Competing interests: The authors have declared that no competing interests exist.
Introduction
N-methylpyrrole-N-methylimidazole (PI) polyamides have been frequently discussed as viable alternatives for “undruggable” oncological targets otherwise inaccessible at the protein level, such as KRAS [1–3]. Their ability to interact with the DNA minor-groove binders with unrivaled sequence recognition translates to their distinctive ability to disrupt transcription, and proper functionalization with histone modifiers or alkylating agents transform these molecules to programmable epigenetic switches and anticancer agents in vivo [4–10]. A troubling issue for PI polyamides, however, is their relatively short motifs, leading to multiple genomic binding sites; lengthening a PI polyamide beyond its typical working range of 8–10 bases will reduce the number of genomic binding sites at the penalty of reducing its chemical affinity to the DNA minor groove due to increased structural rigidity [11, 12]; intriguingly, most PI polyamide, despite the presence of multiple binding sites, led to little toxicity [13–15]. It would therefore imply that nonunique binding typically did not lead to ill biological effects, further complicating our understanding on the subject matter.
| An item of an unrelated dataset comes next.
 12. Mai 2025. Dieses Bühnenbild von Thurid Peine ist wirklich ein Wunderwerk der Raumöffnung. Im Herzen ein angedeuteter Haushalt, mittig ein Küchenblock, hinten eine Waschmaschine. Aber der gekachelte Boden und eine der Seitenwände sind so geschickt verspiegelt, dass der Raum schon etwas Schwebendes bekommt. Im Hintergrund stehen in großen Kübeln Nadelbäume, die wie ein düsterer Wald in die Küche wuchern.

Nevertheless, to improve the clinical prospects of PI polyamides, the evaluation of these so-called “off-target effects” would be unavoidable in a similar manner as genome editing methods such as CRISPR/Cas. Yet, even before we could approach the problem, we were met with a difficult question: for PI polyamides, how would one define the effect of off-target binding for PI polyamides?
In the most general sense, binding to any genomic location other than its intended site is technically “off-target.” Several studies have elected to use next-generation sequencing (NGS) methods such as Chem-seq [16–18] to approach the question of off-target binding. While Chem-seq do provide the means of identifying binding sites in the genomic space, in addition to functionalizing a candidate PI polyamide with an affinity tag for enrichment, the method still requires the coupling of expression profiling to characterize the effect of genomic binding. Moreover, binding at an unintended site in certain situations may be more or less inconsequential; for instance, binding in genes downstream of the intended target may do very little since the process is already disrupted. To understand the effect of off-target binding, therefore, would necessitate one to perform additional analysis and process the expression profiling data beyond the conventional before/after fold-change calculations to elucidate or distinguish these effects.
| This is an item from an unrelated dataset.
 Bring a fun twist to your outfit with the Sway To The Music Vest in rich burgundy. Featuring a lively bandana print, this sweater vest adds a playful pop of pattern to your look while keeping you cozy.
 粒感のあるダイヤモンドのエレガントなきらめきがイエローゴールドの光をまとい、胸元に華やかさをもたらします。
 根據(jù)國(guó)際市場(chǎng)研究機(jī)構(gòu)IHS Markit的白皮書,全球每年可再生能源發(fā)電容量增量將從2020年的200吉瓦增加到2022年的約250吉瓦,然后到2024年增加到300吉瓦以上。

Common knowledge suggest that chemical stimuli can environmental or oxidative stress homeostasis, leading to the alteration of expression profiles as a response to those perturbations. Consequently, while some genes are certainly to be downregulated upon the administration of a PI polyamide, it is entirely possible that those changes are as part of the homeostatic responses rather than “off-target” binding; how does one differentiate “true” off-target binding then? We can reformulate the question as follows: if a polyamide suppresses its primary target by some extent, is that suppression significant when compared to non-targets? Now, the natural response would be to compare changes to the primary target with some measures of significance testing with the rest of the targets in a background population; this nonetheless gets complicated, as gene expressions are also affected by innate feedback, homeostasis, regulatory mechanisms and complex secondary effects in vivo. By recognizing that most genes participate in various pathways that lead to phenotypic changes, these pathways can more natural units of analysis to evaluate off-target binding. The null hypothesis then is whether the effect onto “on-target” pathways differs from other “off-target” pathways. To evaluate these changes, NGS methods are also no longer required; expression microarrays in this regard are viable alternatives in exploring a potential candidate PI polyamide’s off-target effects, since one can simultaneously monitor changes in the genome at a reasonable cost through with nearly 50,000 data points per run.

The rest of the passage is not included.